--- Records to use ---
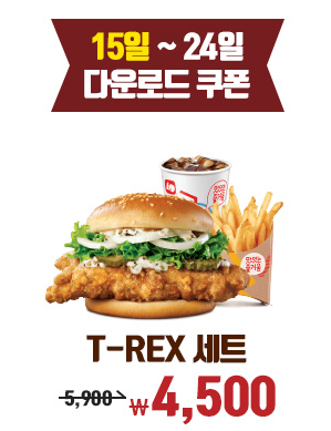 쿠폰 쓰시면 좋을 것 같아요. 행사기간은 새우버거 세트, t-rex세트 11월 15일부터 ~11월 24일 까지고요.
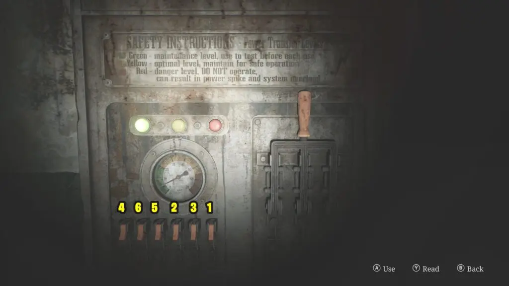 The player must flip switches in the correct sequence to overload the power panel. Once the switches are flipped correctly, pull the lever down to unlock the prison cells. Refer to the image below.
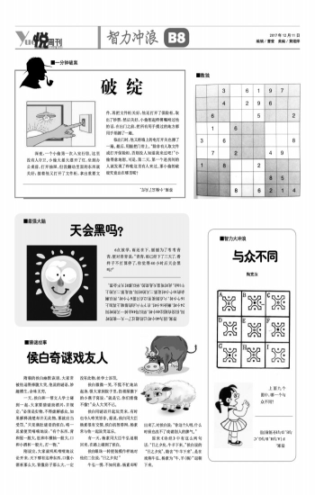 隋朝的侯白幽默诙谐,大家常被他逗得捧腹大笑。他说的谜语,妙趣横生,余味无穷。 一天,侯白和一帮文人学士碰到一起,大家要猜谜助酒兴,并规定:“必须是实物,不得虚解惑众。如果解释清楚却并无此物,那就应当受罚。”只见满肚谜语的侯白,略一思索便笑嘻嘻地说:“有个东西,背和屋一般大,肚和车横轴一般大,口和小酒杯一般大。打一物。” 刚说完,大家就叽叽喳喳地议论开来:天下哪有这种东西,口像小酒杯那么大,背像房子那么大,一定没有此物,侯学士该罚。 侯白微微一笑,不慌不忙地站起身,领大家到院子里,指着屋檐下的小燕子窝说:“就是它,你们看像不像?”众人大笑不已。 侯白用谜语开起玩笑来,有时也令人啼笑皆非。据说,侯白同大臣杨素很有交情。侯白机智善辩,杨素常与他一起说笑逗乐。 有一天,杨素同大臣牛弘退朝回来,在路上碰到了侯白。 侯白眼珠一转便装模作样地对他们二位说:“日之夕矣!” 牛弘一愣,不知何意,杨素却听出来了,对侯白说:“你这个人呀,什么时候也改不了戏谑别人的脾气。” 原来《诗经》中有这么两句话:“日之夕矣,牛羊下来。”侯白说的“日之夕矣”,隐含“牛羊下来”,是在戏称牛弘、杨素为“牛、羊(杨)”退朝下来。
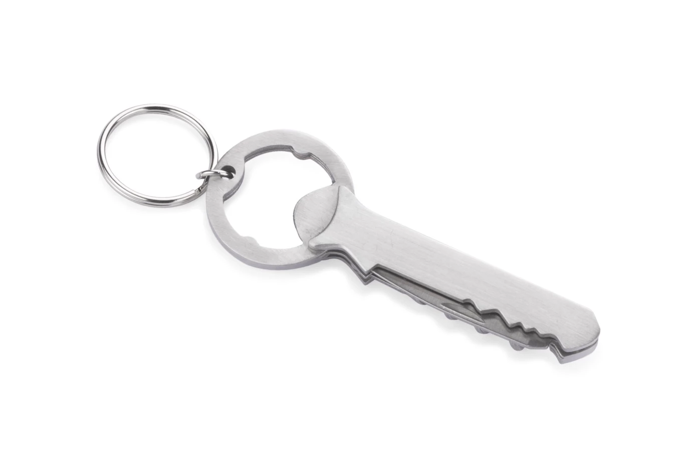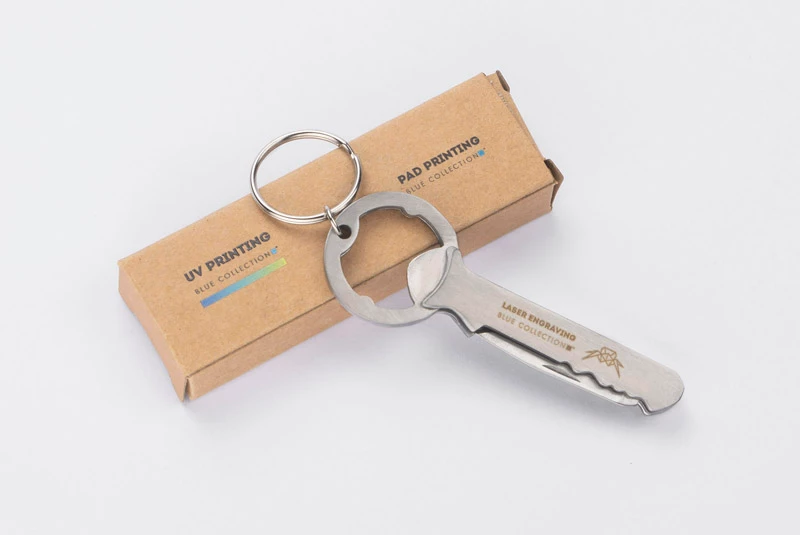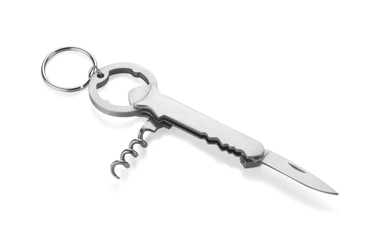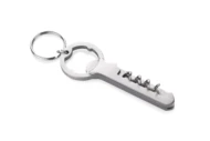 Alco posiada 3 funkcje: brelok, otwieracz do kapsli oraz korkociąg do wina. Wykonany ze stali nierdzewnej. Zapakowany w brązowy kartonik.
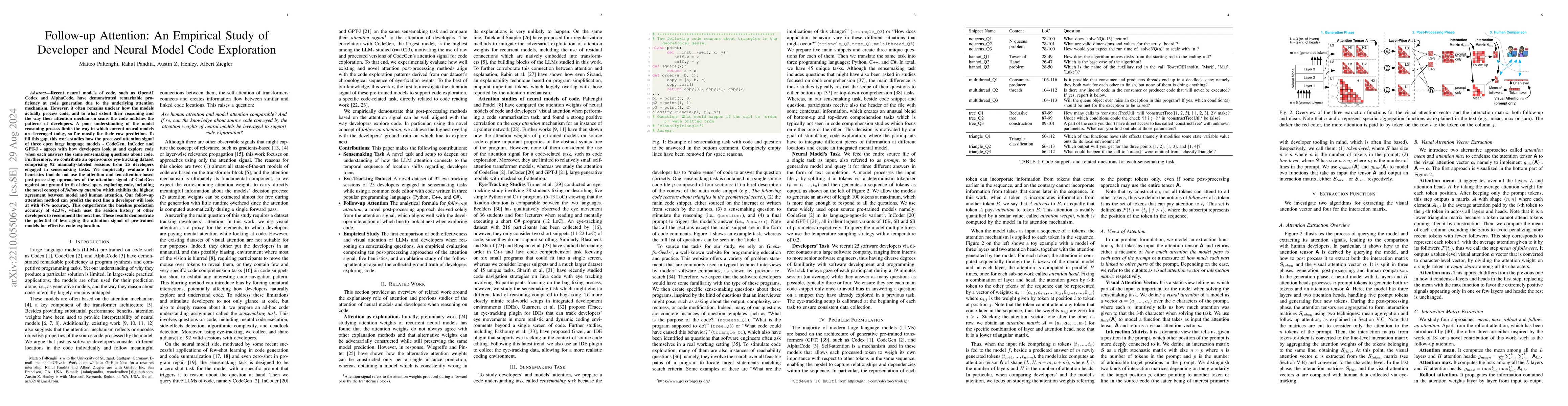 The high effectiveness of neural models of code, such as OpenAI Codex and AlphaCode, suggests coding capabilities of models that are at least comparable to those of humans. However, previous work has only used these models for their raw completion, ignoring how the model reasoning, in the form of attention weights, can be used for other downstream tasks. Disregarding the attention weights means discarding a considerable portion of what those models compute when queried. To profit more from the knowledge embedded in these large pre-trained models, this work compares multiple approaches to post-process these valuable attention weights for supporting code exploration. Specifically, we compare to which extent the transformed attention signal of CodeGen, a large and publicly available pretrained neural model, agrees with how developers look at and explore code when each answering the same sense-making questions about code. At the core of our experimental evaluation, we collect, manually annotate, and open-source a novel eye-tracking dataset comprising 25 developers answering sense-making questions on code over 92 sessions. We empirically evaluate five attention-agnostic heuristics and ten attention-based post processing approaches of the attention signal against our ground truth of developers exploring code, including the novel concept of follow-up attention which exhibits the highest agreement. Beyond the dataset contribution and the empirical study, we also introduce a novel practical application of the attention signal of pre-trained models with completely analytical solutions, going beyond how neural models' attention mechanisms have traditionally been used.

---

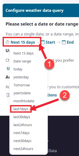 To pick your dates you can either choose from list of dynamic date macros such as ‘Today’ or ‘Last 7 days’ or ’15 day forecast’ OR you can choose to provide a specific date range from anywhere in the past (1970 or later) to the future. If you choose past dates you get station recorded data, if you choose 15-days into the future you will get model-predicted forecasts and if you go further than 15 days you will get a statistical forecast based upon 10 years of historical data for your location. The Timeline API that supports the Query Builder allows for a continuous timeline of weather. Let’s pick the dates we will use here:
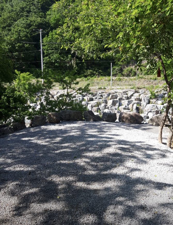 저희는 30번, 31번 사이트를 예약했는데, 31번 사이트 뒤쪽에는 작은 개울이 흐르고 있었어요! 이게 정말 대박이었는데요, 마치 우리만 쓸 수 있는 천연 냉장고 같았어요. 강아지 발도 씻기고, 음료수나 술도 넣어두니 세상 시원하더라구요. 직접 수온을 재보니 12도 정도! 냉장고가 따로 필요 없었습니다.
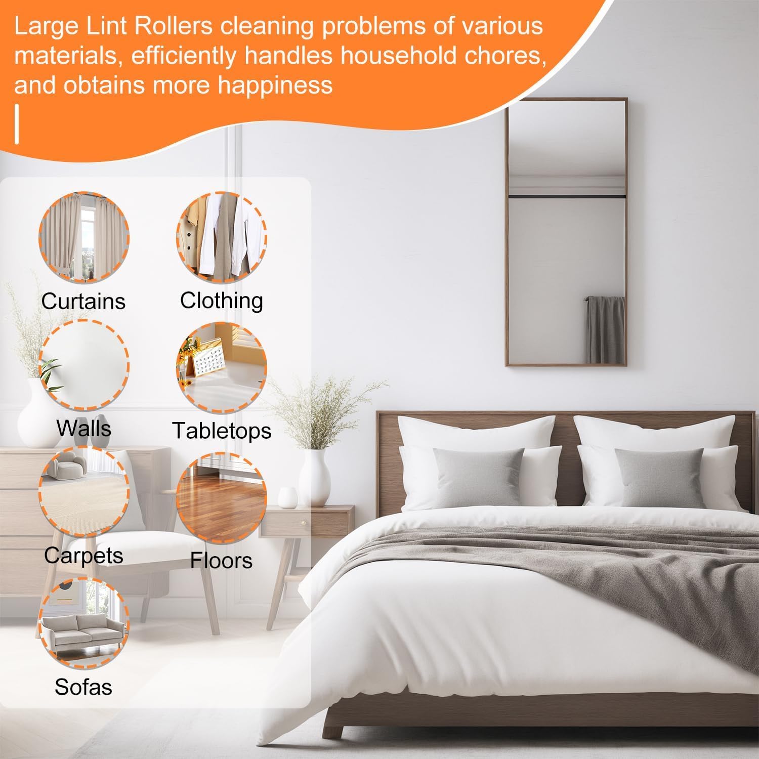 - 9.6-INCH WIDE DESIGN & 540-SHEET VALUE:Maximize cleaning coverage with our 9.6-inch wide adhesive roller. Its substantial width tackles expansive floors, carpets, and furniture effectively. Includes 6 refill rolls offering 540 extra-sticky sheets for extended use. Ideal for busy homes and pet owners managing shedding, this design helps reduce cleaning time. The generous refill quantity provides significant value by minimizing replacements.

==

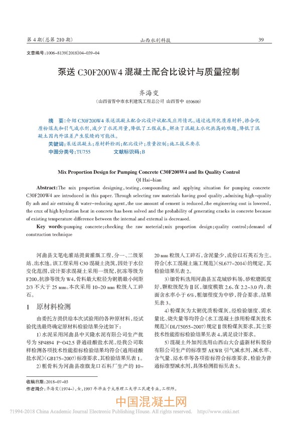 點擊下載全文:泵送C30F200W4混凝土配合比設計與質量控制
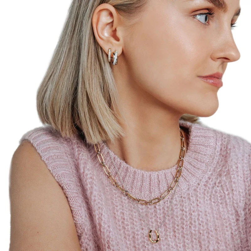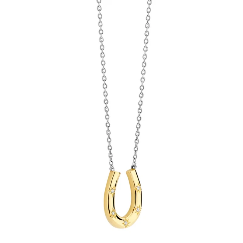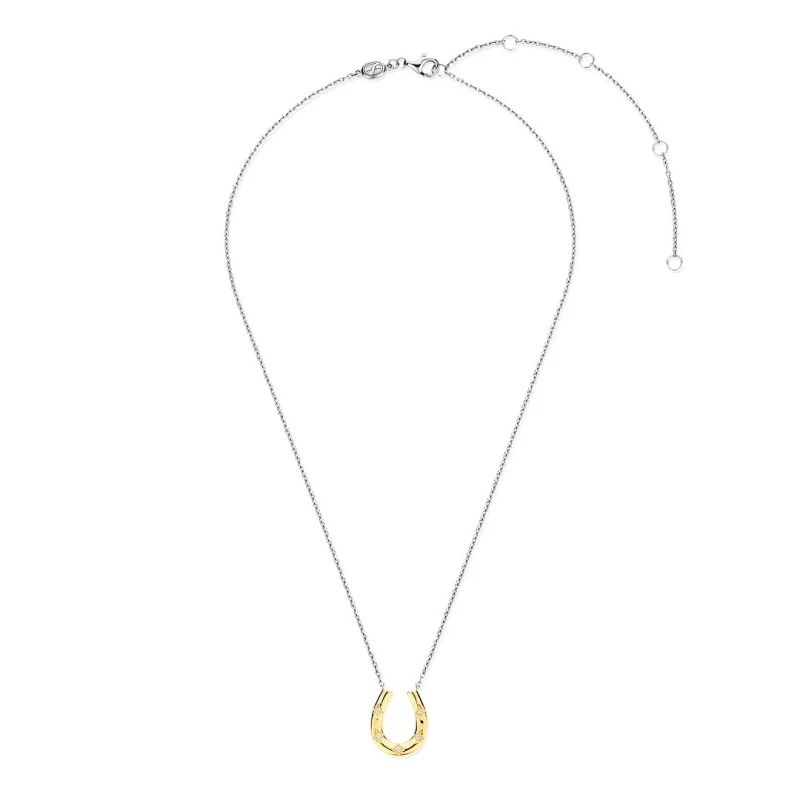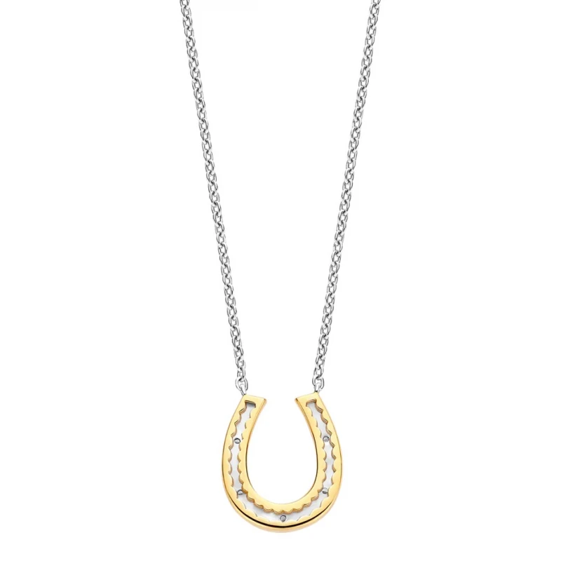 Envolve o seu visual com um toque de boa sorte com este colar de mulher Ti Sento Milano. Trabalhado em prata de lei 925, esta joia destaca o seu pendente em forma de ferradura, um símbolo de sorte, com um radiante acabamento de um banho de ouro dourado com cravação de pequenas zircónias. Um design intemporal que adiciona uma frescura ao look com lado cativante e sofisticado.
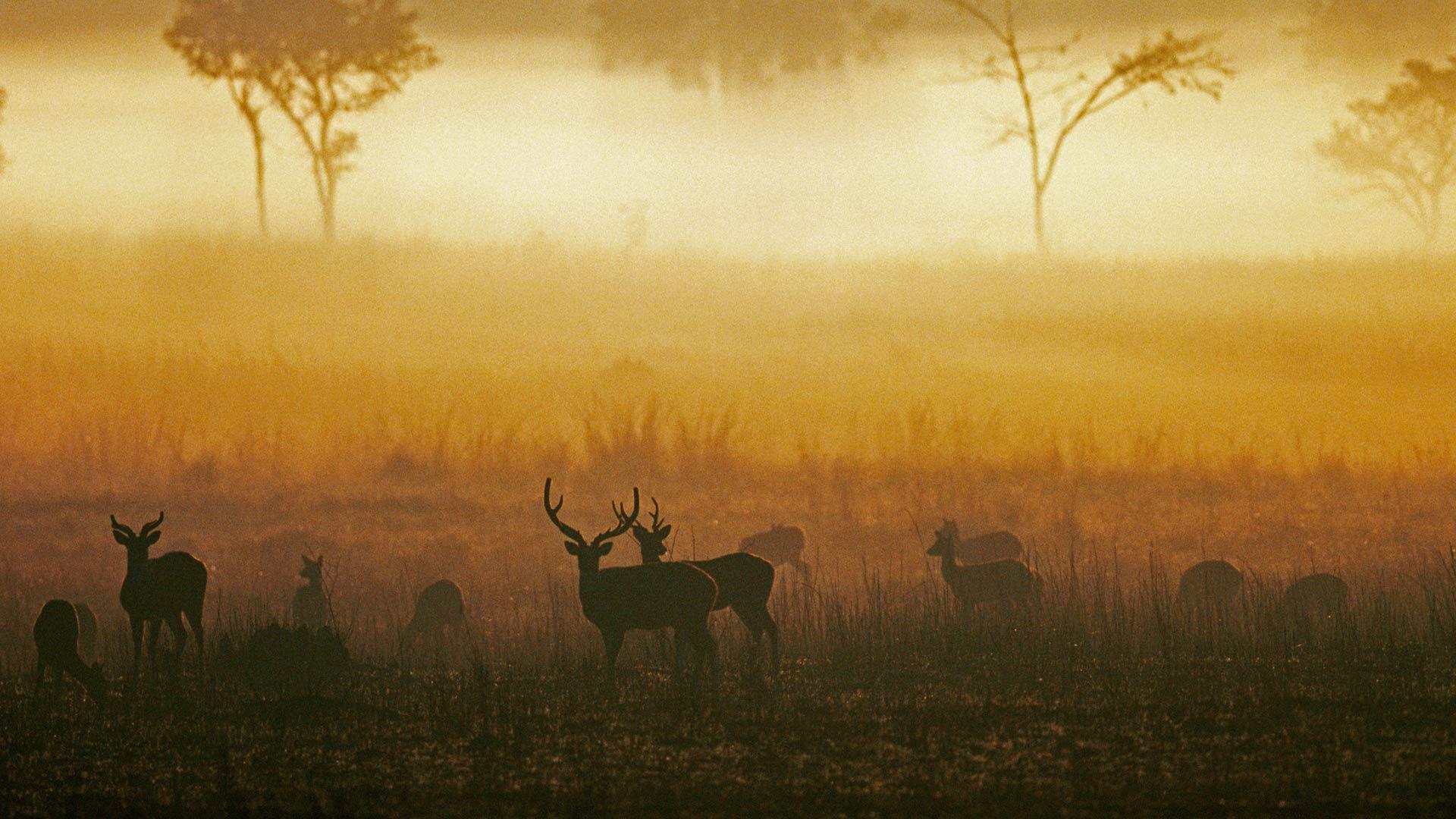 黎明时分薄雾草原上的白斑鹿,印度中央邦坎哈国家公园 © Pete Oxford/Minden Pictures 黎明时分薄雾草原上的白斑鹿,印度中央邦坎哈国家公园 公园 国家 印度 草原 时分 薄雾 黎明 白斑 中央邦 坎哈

--- Activity ---
Starting at the line above that holds "쿠폰 쓰시면 좋을 것", return each line up to and including the one that holds "Alco posiada 3", exactly as written, minus any pictures.

--- Response area ---
 쿠폰 쓰시면 좋을 것 같아요. 행사기간은 새우버거 세트, t-rex세트 11월 15일부터 ~11월 24일 까지고요.
 The player must flip switches in the correct sequence to overload the power panel. Once the switches are flipped correctly, pull the lever down to unlock the prison cells. Refer to the image below.
 隋朝的侯白幽默诙谐,大家常被他逗得捧腹大笑。他说的谜语,妙趣横生,余味无穷。 一天,侯白和一帮文人学士碰到一起,大家要猜谜助酒兴,并规定:“必须是实物,不得虚解惑众。如果解释清楚却并无此物,那就应当受罚。”只见满肚谜语的侯白,略一思索便笑嘻嘻地说:“有个东西,背和屋一般大,肚和车横轴一般大,口和小酒杯一般大。打一物。” 刚说完,大家就叽叽喳喳地议论开来:天下哪有这种东西,口像小酒杯那么大,背像房子那么大,一定没有此物,侯学士该罚。 侯白微微一笑,不慌不忙地站起身,领大家到院子里,指着屋檐下的小燕子窝说:“就是它,你们看像不像?”众人大笑不已。 侯白用谜语开起玩笑来,有时也令人啼笑皆非。据说,侯白同大臣杨素很有交情。侯白机智善辩,杨素常与他一起说笑逗乐。 有一天,杨素同大臣牛弘退朝回来,在路上碰到了侯白。 侯白眼珠一转便装模作样地对他们二位说:“日之夕矣!” 牛弘一愣,不知何意,杨素却听出来了,对侯白说:“你这个人呀,什么时候也改不了戏谑别人的脾气。” 原来《诗经》中有这么两句话:“日之夕矣,牛羊下来。”侯白说的“日之夕矣”,隐含“牛羊下来”,是在戏称牛弘、杨素为“牛、羊(杨)”退朝下来。
 Alco posiada 3 funkcje: brelok, otwieracz do kapsli oraz korkociąg do wina. Wykonany ze stali nierdzewnej. Zapakowany w brązowy kartonik.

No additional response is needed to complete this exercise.